Although the company resumed operations in most of its properties, traffic is still below pre-pandemic levels. In spite of sequential improvements, the company is cautious about the ongoing uncertain macroeconomic environment. Also, a rise in expenses is a headwind. Per our model, expenses for rooms, casino and food and beverage in 2023 are likely to increase 9.4%, 30.8% and 10.9%, respectively, on a year-over-year basis.

Zacks Rank & Key Picks

MGM Resorts currently carries a Zacks Rank #3 (Hold).

Some better-ranked stocks in the Zacks Consumer Discretionary sector are as follows:

Royal Caribbean Cruises Ltd. RCL sports a Zacks Rank #1 (Strong Buy). The company has a trailing four-quarter earnings surprise of 26.4%, on average.

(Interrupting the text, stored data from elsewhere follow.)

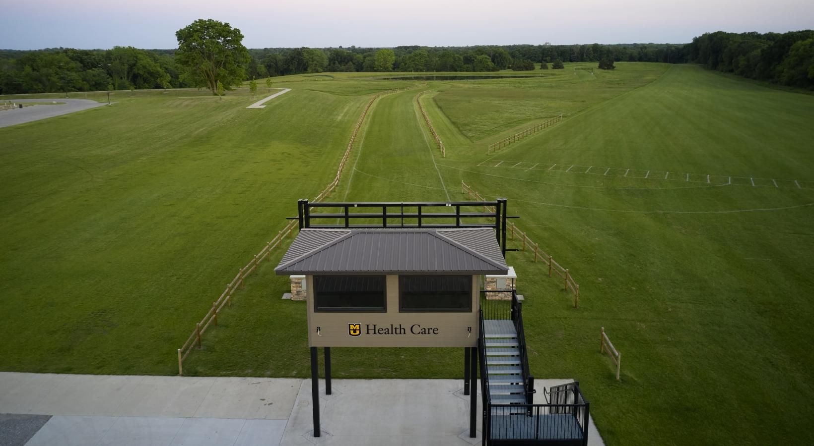 • a building next to a green field
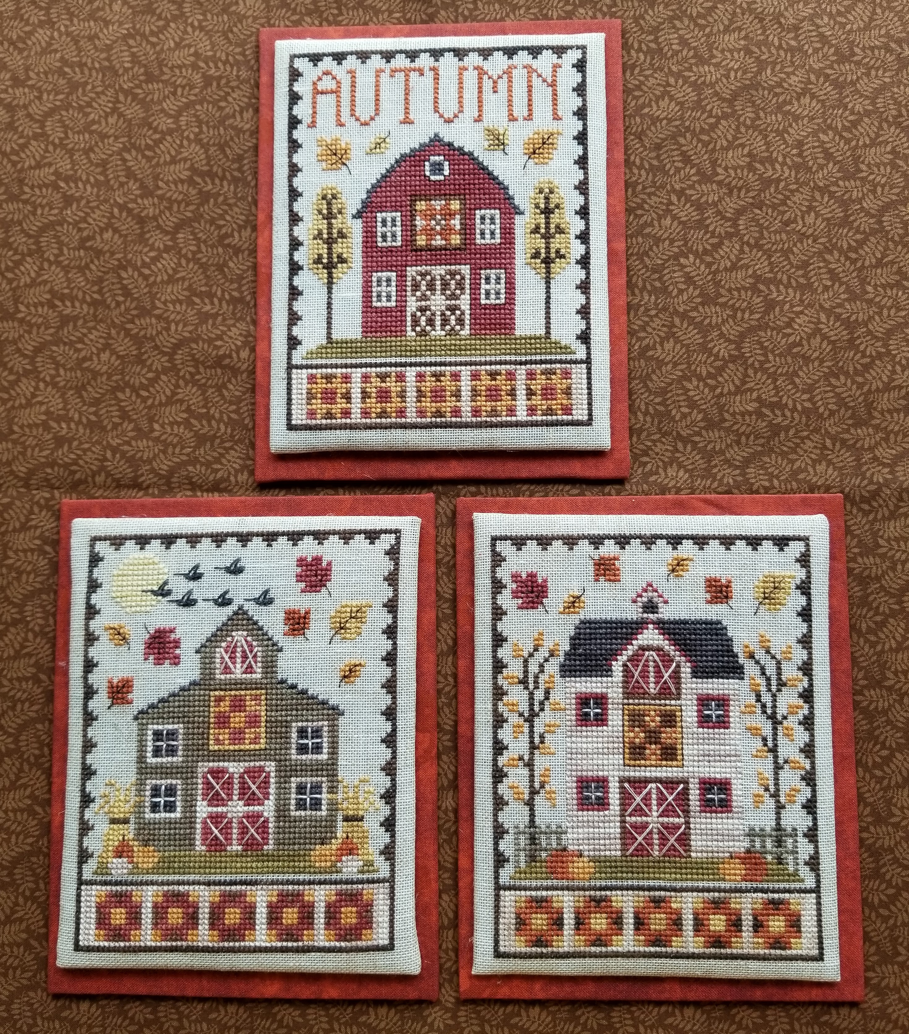 Summer is finally here, but I’ve been busy designing and stitching for fall, and here is what I came up with: #219 – AUTUMN BARN TRIO. This set, like all the other popular Trio sets, contains 3 quick-to-stitch designs with a seasonal theme. A couple of years ago, I did a Patriotic Barn Trio set, and since then I’ve received requests for more of these cute little barns. All of these barns are set in an autumn scene and each is decorated with a barn quilt design in fall colors. If you like country or Americana style, these little designs might be just what you’re looking to stitch!
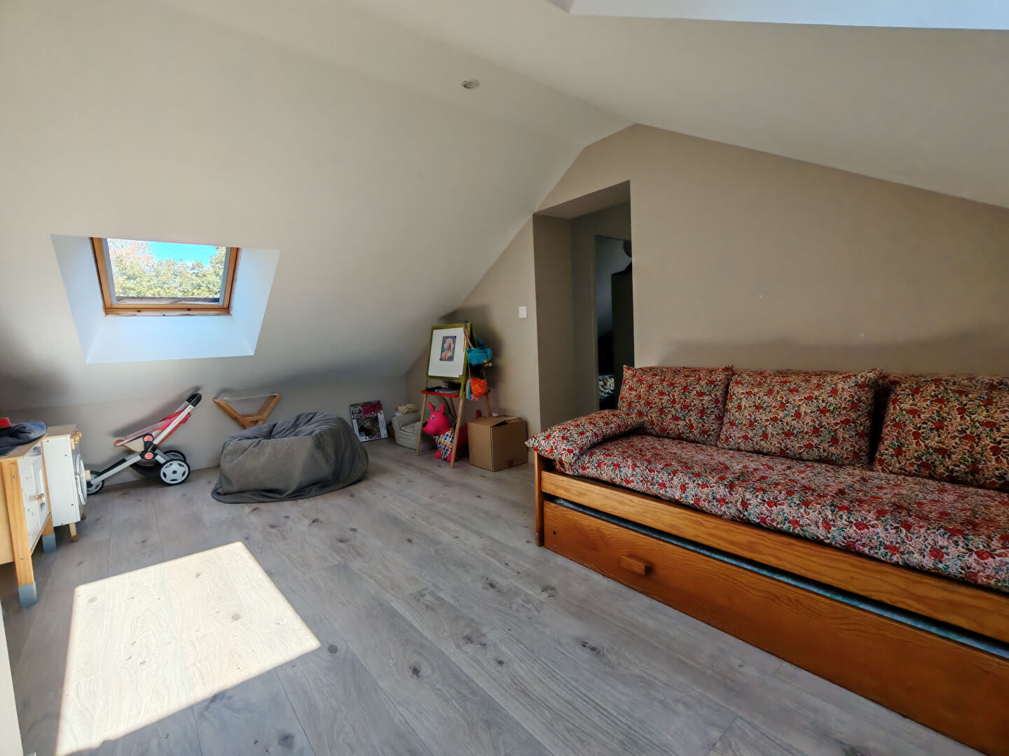 A l'étage, une mezzanine pouvant faire office de salle de jeu ou bureau donne accès à deux chambres, des toilettes et une pièce à rénover pouvant être aménagée en 4ème chambre.

Shares of RCL have surged 195.4% in the past year. You can see the complete list of today’s Zacks #1 Rank stocks here.

The Zacks Consensus Estimate for Royal Caribbean Cruises’ 2023 sales and EPS indicates a rise of 48.7% and 162.9%, respectively, from the year-ago period’s levels.

Trip.com Group Limited TCOM flaunts a Zacks Rank #1. The company has a trailing four-quarter earnings surprise of 147.9%, on average. Shares of TCOM have increased 27.2% in the past year.

The Zacks Consensus Estimate for Trip.com Group’s 2023 sales and EPS implies an increase of 101.6% and 531%, respectively, from the year-ago period’s levels.

OneSpaWorld Holdings Limited OSW currently carries a Zacks Rank #2 (Buy). OSW has a trailing four-quarter earnings surprise of 65.8%, on average. Shares of OSW have increased 57.8% in the past year.  

The Zacks Consensus Estimate for OSW’s 2023 sales and EPS indicates a rise of 33.9% and 89.3%, respectively, from the year-ago period’s levels.